Aïssatou Gaye, responsable Sécurité dans un hôtel de la place : «Si quelqu’un m’accepte avec le boulot que je fais, je pourrai m’engager»

Date:

Dans son ensemble costume et pantalon noir taillé sur mesure et qui épouse parfaitement ses formes, Aïcha dont on lit le nom sur son insigne ne donne pas l’impression de son vrai état. La coiffure nouvellement tissée sur sa tête donne à son visage un éclat rehaussé par son maquillage assez discret. Dans cette posture, on pourrait bien la prendre pour une de ces filles serviables promptes à satisfaire le moindre de vos désirs pour vous mettre à l’aise. Mais en réalité, il n’en est rien. Aïssatou Gaye de son vrai nom est la responsable de la sécurité d’un hôtel de la place. Sa mission est de manager l’équipe de 80 agents, majoritairement des hommes, pour assurer la sécurité des biens et des personnes. Un métier pas ordinaire pour une femme, mais que la demoiselle pratique avec tout l’amour que cette profession demande. Sans complexe ni excès dans la démarche. En cette fin d’après-midi libre pour elle, la jeune femme de 34 ans baisse un peu la garde pour nous permettre de pénétrer son terrain pendant quelques minutes. Journée mondiale de la femme oblige…
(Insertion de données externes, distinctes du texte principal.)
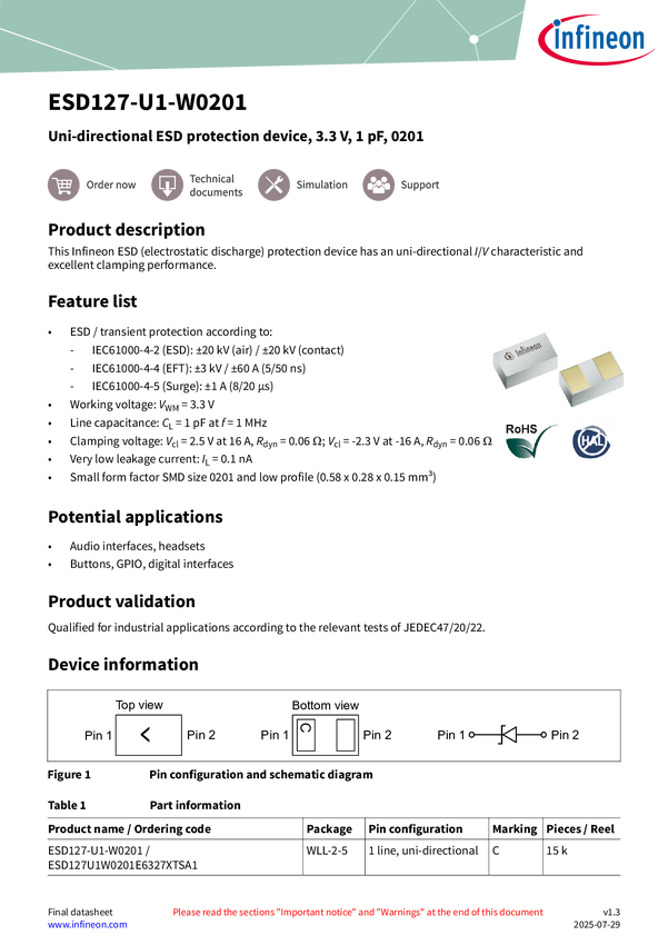 Uni-directional ESD protection device, 3.3 V, 1 pF, 0201 This Infineon ESD (electrostatic discharge) protection device has an unidirectional I/V characteristic andexcellent clamping performance.
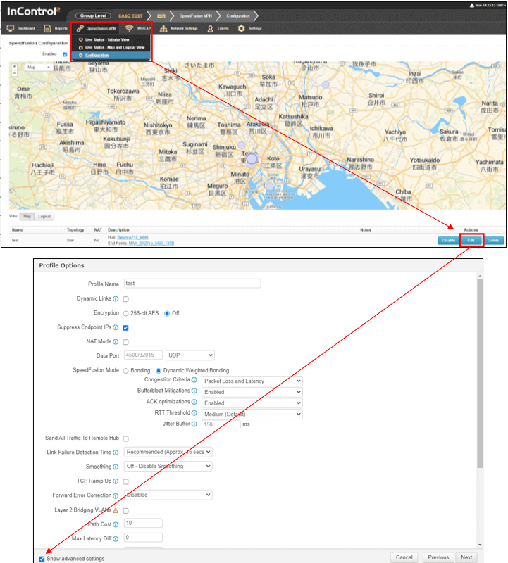 InControl2のSpeedFusionVPN>Configrationをクリック後、該当のVPNプロファイルのEditボタンをクリックし、Nextを2回クリックするとVPNプロファイルが表示されます。

A quoi consiste votre travail en tant que responsable de la sécurité ?
Je suis responsable de la sécurité au niveau de l’hôtel Terrou-bi depuis un peu plus d’un an, car je suis venue en décembre 2012. Mon  boulot consiste à manager l’équipe et les agents. Dans chaque structure, il faut qu’il y ait un responsable sinon après il y aura de l’anarchie. Je suis là en tant que responsable de cette équipe et je gère 80 hommes. Je veille à la bonne marche des choses. Par exemple, l’équipe est divisée en quatre brigades avec des chefs. Mais avant que l’équipe n’arrive, je prépare la feuille de service pour mettre chacun à un poste. On fait un briefing pour discuter sur certaines questions avant qu’ils ne rejoignent leur poste. Au cours du service, je peux passer discuter avec eux pour les relancer. Mais dans l’exercice des tâches, il peut y avoir qu’on fasse recours à des sanctions.
Donc c’est vous qui donnez des sanctions ?
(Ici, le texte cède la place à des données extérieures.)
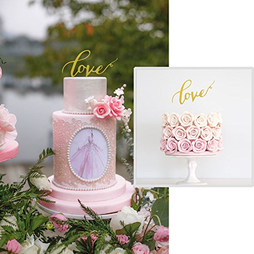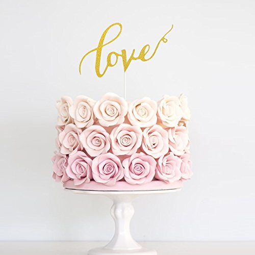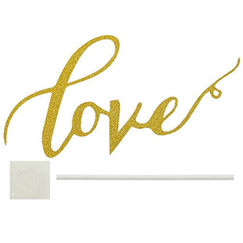 - Glitter Love Cake Toppers Bright Colors -- Gold cake topper is single sided golden onion paper topper, elegant design will diffuse romance and elegance from every little detail.
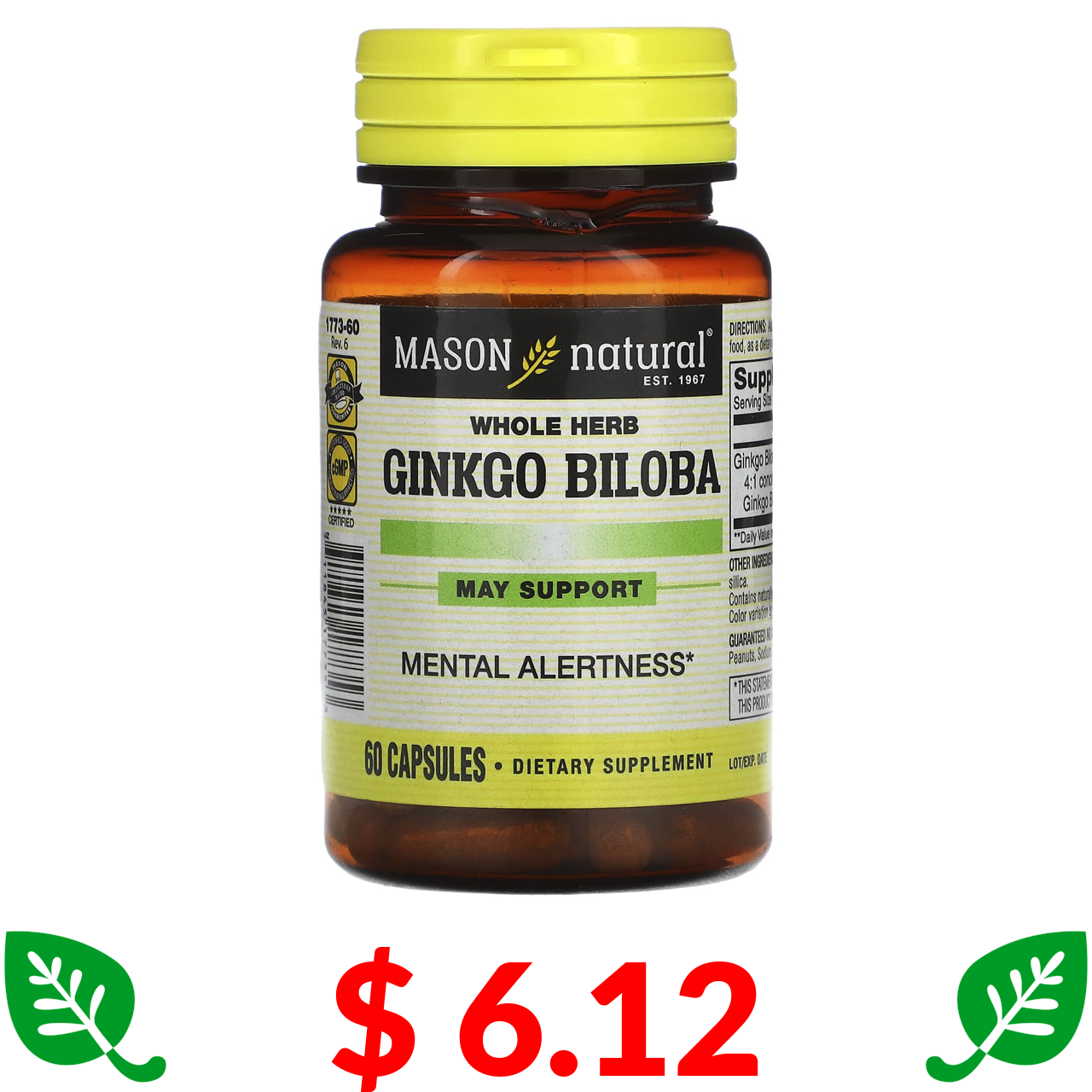 $ 6.12 Mason Natural, гінкго білоба (ціла рослина), 60 капсул
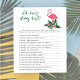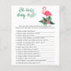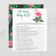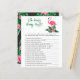 O design de convite para chá de fraldas apresenta flamingo cor-de-rosa com frondes verdes de palma e flores de hibisco tropicais. "Aloha Baby". Um padrão floral tropical com cor preta de fundo se veste na parte de trás do cartão.
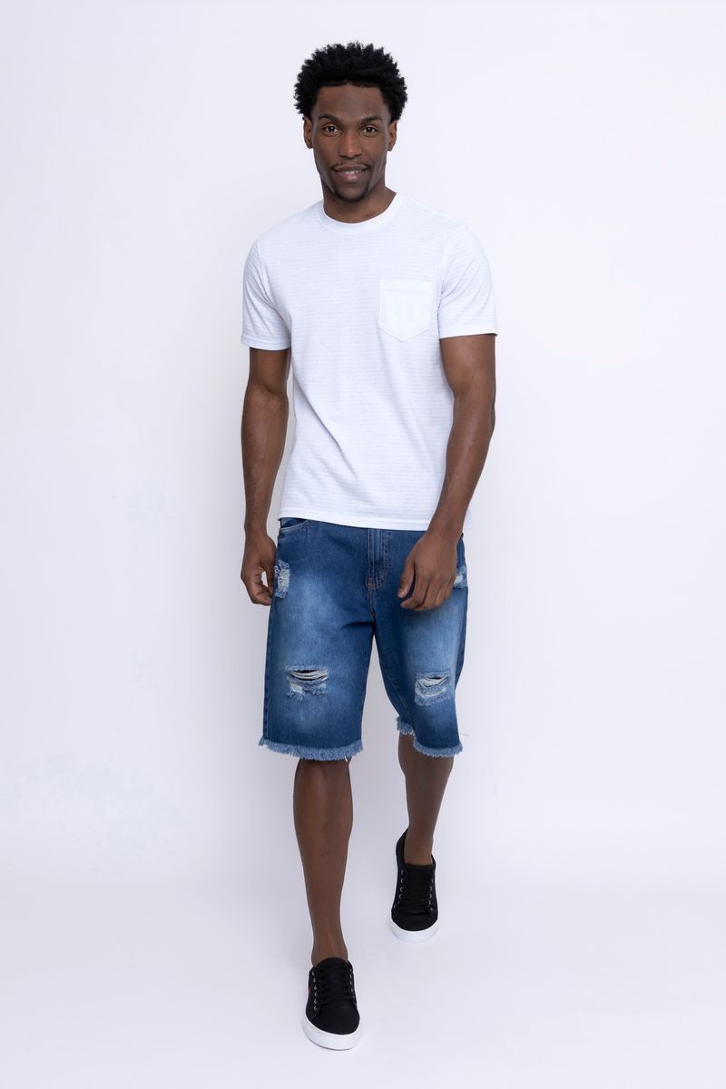 Camiseta masculina maquinetada. A peça possui bolso, caimento reto e solto, manga curta e gola redonda.
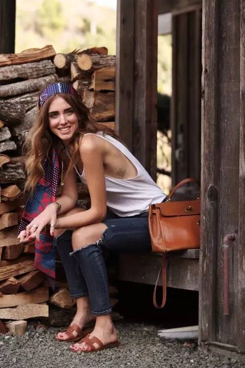 偏中性的搭配风格让你穿的比男友还帅,如果想带有一点女生的柔美气息可以学习美妞博主Chiara的方法,绑条丝巾在头上,新潮又好看。

En fait le directeur est là, mais il nous a fait confiance en nous responsabilisant. S’il y a une première faute, on peut parler et rappeler à l’ordre, mais quand cela se répète plusieurs fois, on est obligé de procéder à des demandes d’explications ou une sanction pour que le fautif revienne à la raison. Si je juge nécessaire de donner une demande d’explications, je le fais.  Il m’est déjà arrivé de donner une demande d’explications à un agent.
C’était pour quelle raison ?
Des fois, c’est pour un abandon de poste. Vous savez on est dans un endroit assez sensible où l’on reçoit des autorités et différentes personnalités. Donc si l’agent abandonne son poste, il peut arriver n’importe quoi alors qu’on doit être vigilant. On parle d’agent de sécurité, donc il doit veiller à la sécurité des biens et des personnes. C’est pourquoi on ne peut pas tolérer l’abandon de poste.
Donc il vous arrive de faire le tour pour voir qui est à son poste ou qui n’y est pas ?
Ce n’est pas simplement pour cela. C’est de notre devoir d’être sur le terrain avec eux. Ce ne serait pas bien qu’eux soient sur le terrain et que nous restions dans nos bureaux climatisés tranquilles. Je sors, je tourne avec eux, et des fois même je lève la barrière pour leur montrer que je suis avec eux. On discute, on échange dans le cadre du boulot, par la suite je quitte pour aller voir un autre pour faire la même chose. Des fois, je passe voir si tout se passe bien, s’ils n’ont besoin de rien.
Vous êtes une femme à la tête de ce groupe d’hommes, comment vous y prenez-vous pour ne pas sentir la différence ?
Je dois dire qu’il y a deux autres femmes dans le groupe, mais je suis la responsable. Alors pour le boulot que je fais, je ne fais pas de différence entre homme ou femme. Je me dis que ce sont des Hommes, êtres humains tout simplement. Par contre, le management entre un homme et une femme peut différer. Les mentalités peuvent différer, mais là je me dis que si le manageur est juste, qu’il soit homme ou femme, il ne peut pas avoir de problème. Ma façon de manager est basée sur la communication. Je ne suis pas figée, je ne viens pas faire la gendarme ou être dure avec les agents, parce que là ça ne passera pas. Je suis proche de tous les agents sans être familière avec eux. J’assume ma responsabilité et s’il y a quelque chose à dire, je le dis sans mettre de gant, mais je les écoute également. Dans le management, il faut avoir la main qui tape et la main qui caresse.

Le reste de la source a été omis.